\section*{Part 1}
Julien must take the plane; he planned to take the bus to get to the airport.\\
If he takes the 8 o'clock bus, he is sure to be at the airport in time for his flight.\\
On the other hand, the next bus would not allow him to arrive at the airport in time.\\
Julien left late from his apartment and the probability that he misses his bus is 0.8.\\
If he misses his bus, he goes to the airport by taking a private car company; he then has a probability of 0.5 of being on time at the airport.\\
We denote:
\begin{itemize}
  \item $B$ the event: ``Julien manages to take his bus'';
  \item $V$ the event: ``Julien is on time at the airport for his flight''.
\end{itemize}

\begin{enumerate}
  \item Give the value of $P _ { B } ( V )$.
  \item Represent the situation with a probability tree.
  \item Show that $P ( V ) = 0.6$.
  \item If Julien is on time at the airport for his flight, what is the probability that he arrived at the airport by bus? Justify.
\end{enumerate}

\section*{Part 2}
Airlines sell more tickets than there are seats on planes because some passengers do not show up for boarding on the flight they have booked. This practice is called overbooking.\\
Based on statistics from previous flights, the airline estimates that each passenger has a 5\% chance of not showing up for boarding.\\
Consider a flight on a plane with 200 seats for which 206 tickets have been sold. We assume that the presence at boarding of each passenger is independent of other passengers and we call $X$ the random variable that counts the number of passengers showing up for boarding.

\begin{enumerate}
  \item Justify that $X$ follows a binomial distribution and specify its parameters.
  \item On average, how many passengers will show up for boarding?
  \item Calculate the probability that 201 passengers show up for boarding. The result should be rounded to $10 ^ { - 3 }$.
  \item Calculate $P ( X \leqslant 200 )$, the result should be rounded to $10 ^ { - 3 }$. Interpret this result in the context of the exercise.
  \item The airline sells each ticket for 250 euros.
\end{enumerate}

If more than 200 passengers show up for boarding, the airline must refund the plane ticket and pay a penalty of 600 euros to each affected passenger.\\
We call:\\
$Y$ the random variable equal to the number of passengers who cannot board despite having purchased a ticket;\\
$C$ the random variable that totals the revenue of the airline on this flight.
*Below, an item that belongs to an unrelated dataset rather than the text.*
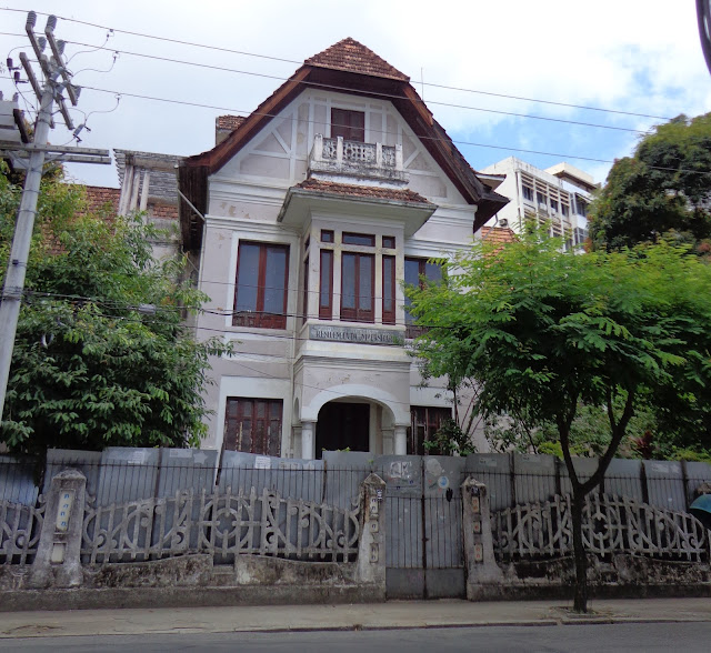 O casarão ficou anos fechado e os sinais do abandono começou a aparecer. Lembro que, antes de fechar, entrei lé e me deparei com uma sala de espera só com cadeiras de vinhático forradas de palhinha. Um luxo! Para o acesso à clínica havia ao lado uma linda escada de mármore branco e corrimão de ferro inglês.

We admit that $Y$ follows the probability distribution given by the following table:

\begin{center}
\begin{tabular}{ | c | c | c | c | c | c | c | c | }
\hline
$y _ { i }$ & 0 & 1 & 2 & 3 & 4 & 5 & 6 \\
\hline
$P \left( Y = y _ { i } \right)$ & 0,94775 & 0,03063 & 0,01441 & 0,00539 & 0,00151 & 0,00028 &  \\
\hline
\end{tabular}
\end{center}

a. Complete the probability distribution given above by calculating $P ( Y = 6 )$.\\
b. Justify that: $C = 51500 - 850 Y$.\\
c. Give the probability distribution of the random variable $C$ in the form of a table. Calculate the expected value of the random variable $C$ to the nearest euro.\\
d. Compare the revenue obtained by selling exactly 200 tickets and the average revenue obtained by practicing overbooking.